China–Gabon relations refer to the foreign relations between China and Gabon. On December 9, 1960, China (as the Republic of China in Taipei) established diplomatic relations with Gabon. Gabon switched recognition to the People's Republic of China in Beijing on April 20, 1974.

Gabon adheres to the One China policy where it recognizes the People's Republic of China as the sole legitimate government of China and does not recognize the legitimacy of the Republic of China.

== History ==
In the early 20th century, Chinese people migrated to Gabon from provinces such as Zhejiang in southeastern China.

On August 17, 1960, when Gabon gained independence, Premier Zhou Enlai of the People's Republic of China sent a congratulatory message. On the same day, Foreign Minister Chen Yi announced that the government of the People's Republic of China recognized the Republic of Gabon. However, Gabon did not immediately establish diplomatic relations with the People's Republic of China. Instead, on December 9, 1960, it established diplomatic relations with the government of the Republic of China, which had retreated to Taiwan.
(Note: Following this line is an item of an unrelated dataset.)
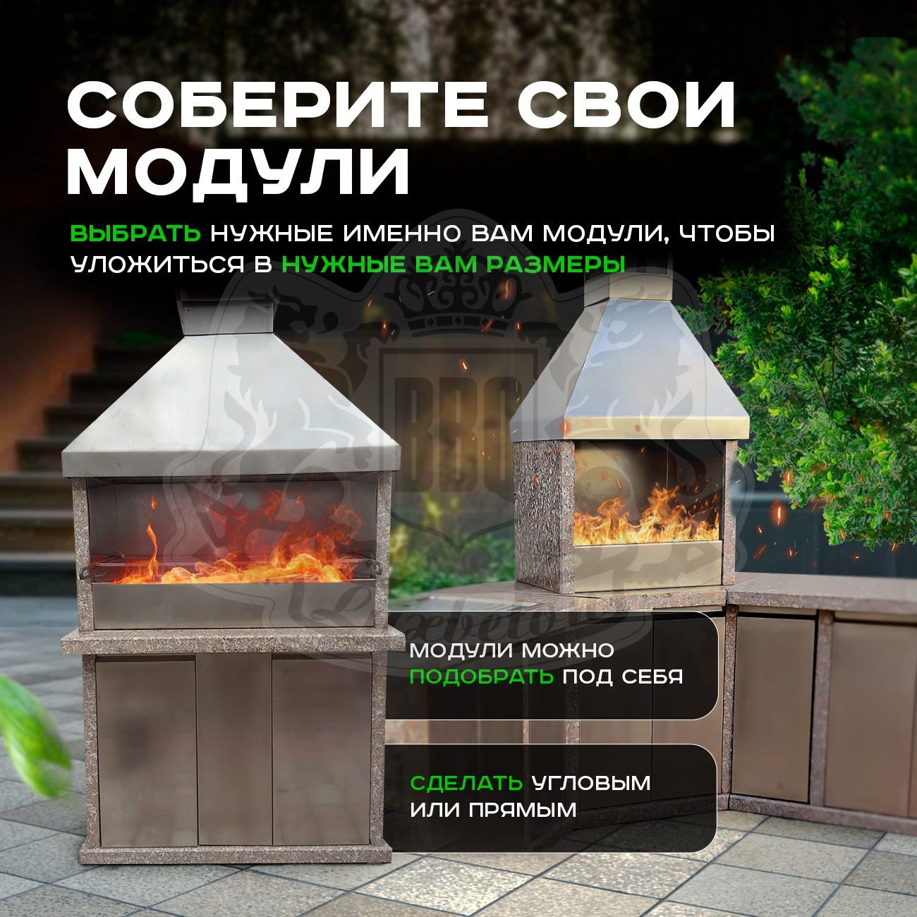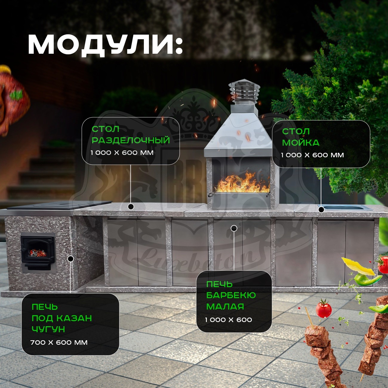 Модульная система гарантирует не только быструю сборку, но и устойчивость. Всего за час, можно собрать с помощью 2-3 человек и вы можете наслаждаться полностью функциональной барбекю зоной

In 1971, at the 26th United Nations General Assembly, Gabon's representatives even opposed the People's Republic of China's joining the United Nations.
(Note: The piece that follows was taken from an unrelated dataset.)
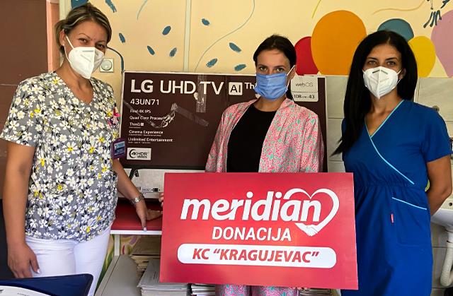 Više od tri godine Meridianbet sprovodi akciju opremanja zdravstvenih ustanova širom Srbije s ciljem lakšeg boravka i bržeg oporavka pacijenata. Tako je Univerzitetski klinički centar Kragujevac, jedna od četiri najvišeg ranga u zemlji, postao i najnovija zdravstvena ustanova kojoj je ova kompanija uručila vrednu isporuku većeg broja HD televizora u cilju povećanja efikasnosti prijema pacijenata.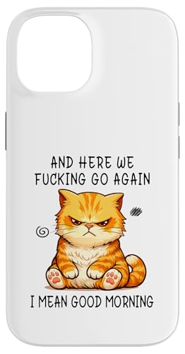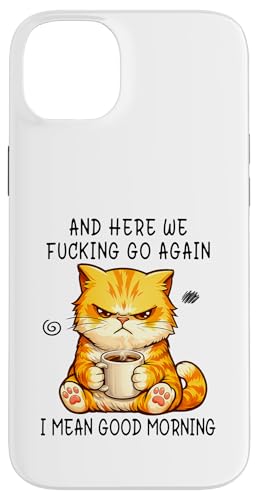 and Here We Go Again Good Morning Angry Cat Meme Coworkers Coque pour iPhone 14 Plus

Despite this, after 1972, the Gabonese government began to strengthen its diplomatic relations with the government of the People's Republic of China, and finally severed diplomatic relations with the government of the Republic of China on March 30, 1974. On April 20 of the same year, the Chinese government appointed Wang Peng, the ambassador extraordinarily and plenipotentiary to Mauritania, as its plenipotentiary representative to Gabon, and signed a Joint Communique in Libreville with Gabonese government representative and Minister of Foreign Affairs and Cooperation of the Presidential Palace, Dokwatsege, announcing the establishment of diplomatic relations between the two countries. Since then, bilateral relations have developed smoothly and friendly. On June 30, 1974, Dokwatsege led a friendly delegation from the Gabonese Republic to visit China. On October 4, Gabonese President El Hadj Omar Bongo and his wife paid a state visit to China and met with Mao Zedong, Chairman of the Chinese Communist Party. During the visit, the two sides signed the China-Gabon Economic and Technical Cooperation Agreement and the Trade Agreement, and issued a press release. Since then, until his death in 2009, Omar visited the People's Republic of China ten times and attended the Beijing Summit of the Forum on China-Africa Cooperation and the opening ceremony of the Beijing Olympic Games. In February 2004, President Hu Jintao visited Gabon. El Hadj Omar Bongo personally went to the Libreville International Airport to greet him. Hu Jintao thus became the first top leader of the People's Republic of China to visit Gabon. After Omar's death, Hu Jintao also sent a message of condolences to the Gabonese government and appointed Vice Premier Zhang Dejiang as a special envoy to attend Omar's funeral.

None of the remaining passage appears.